I’m begining to think something is severely wrong with me. My mental health is, well, not healthy. I seem to find the biggest challenges in the most simple and routine of tasks. This cannot be normal.
Today I went shoe shopping, or should I say browsing. To me shoe shopping is an abhorable task. It isn’t because I dislike shoes. It isn’t because i have some oddly shaped foot which is difficult to shop for. No I don’t have any reasonable reasons at all. This of course wasn’t my first attempt at shoe shopping. So I knew the challenges I was up against and decided to go in prepared.
One of the many factors that adds to my frustrations is the other clientele. I despise wading through the cheerful shoppers who all appear to be gloating. “Look at my new shoes! They’re fabulous! I’m fabulous! Sure glad I love shoe shopping, it’s the best.” This is why I chose a Thursday afternoon to do my shopping. Most of those unsympathetic jerks would be at work or in school.
The next issue I usually run into is selection. For one who doesn’t enjoy shopping driving from one store to the next is an exhausting task. This is the reason I chose the Boulevard. There lies a plethora of shoe stores all in one semi-convenient location.

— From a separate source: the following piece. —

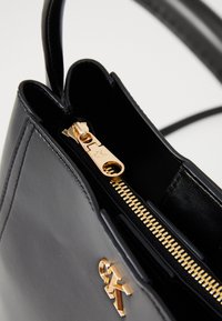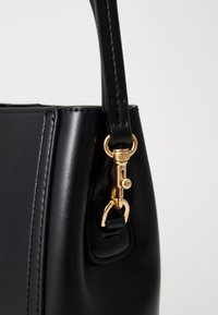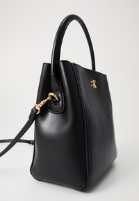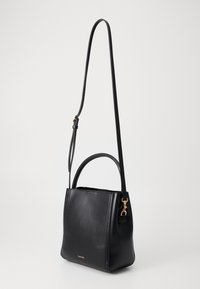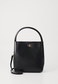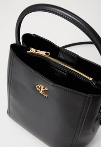 Sac à main en cuir noir avec poignée courte, bandoulière réglable, et petit logo doré "cK" au centre avant.

Finally there are the shoe salesmen. Don’t get me wrong I have nothing against sales people (obviously), I just don’t want to be bothered. I’m sure they’re a friendly and mighty helpful bunch but when in the shoe shopping frame of mind I need to be left alone to concentrate. To combat this dilemma I brought my IPod. Not only would it ensure I wouldn’t be approached, the up lifting and encouraging music would put me in a great mood.
With seemingly all my obstacles overcome I danced into Dilliards listening to “One of these days these boots are gonna walk all over you..” imagining all wonderful boots I would be purchasing. I enter Dilliards and guess what I see to my right, shoes! I had walked right into the shoe department! I knew that instant I would be going home with new shoes! As I walked past the selection of shoes I spotted several pairs that I liked and thought to myself “Okay, these are definitely options” I, of course, didn’t stop. I wanted to first check out some shoe specialty shops. I’m not really much of a department store shopper anyways.
I left Dilliards and proceded confidently into the mall. As I perused the mall I passed several store fronts, peering in to admire the selection but never actually entering. After I passed about five shoe stores I began to grow concerned, why hadn’t I been able to will myself into any of these stores? I had carefully planned this escapade so as to make it as easy as possible. I concluded I was doing what always comes naturally, procrastinating. “The next store,” I told myself “I am going into the very next store I see.” I turned the corner and spotted my destination. I slowly approached and noticed the store was empty, a sigh of relief. I think I got one foot in the doorway when the clerk appeared and made eye contact. That was all it took. I immidiately darted out of the store and hid behind the nearest lava lamp kiosk. I don’t know why but a 19 year old pimply faced shoe salesman can intimidate me like no other. I Googled it and there is no such thing (not currently psychologically-recognized at least) as a shoe shopping phobia.
Not able to face the small shoe boutiques I decide it may be easier to shop in one of those warehouse type places where all the shoes and their boxes are juxtaposed in long categorized aisles. I quickly located one. I entered and none of the clerks paid me any mind, perfect. I made my way up and down the aisles stopping occasionally to examine pairs that caught my attention. I soon there after exited, empty handed.
At this point I had been up and down the entire mall and the only thing I saw that I had seriously considered purchasing was a Playstation 2. I resigned to returning to Dilliards. I would buy a few of the pairs I had eyed on the way in. I made my way back to the Dilliards shoe department and wandered around for about five minutes. Now that I needed someone to talk to me I couldn’t find anyone. Honestly though I was relived as I still felt incapable of making a decision. I hung my head in failure and left the mall.
Perhaps I am meant to be barefoot? Perhaps I could find something online? Perhaps I should just give up and rely on Santa, I hear he has impeccable taste anyways.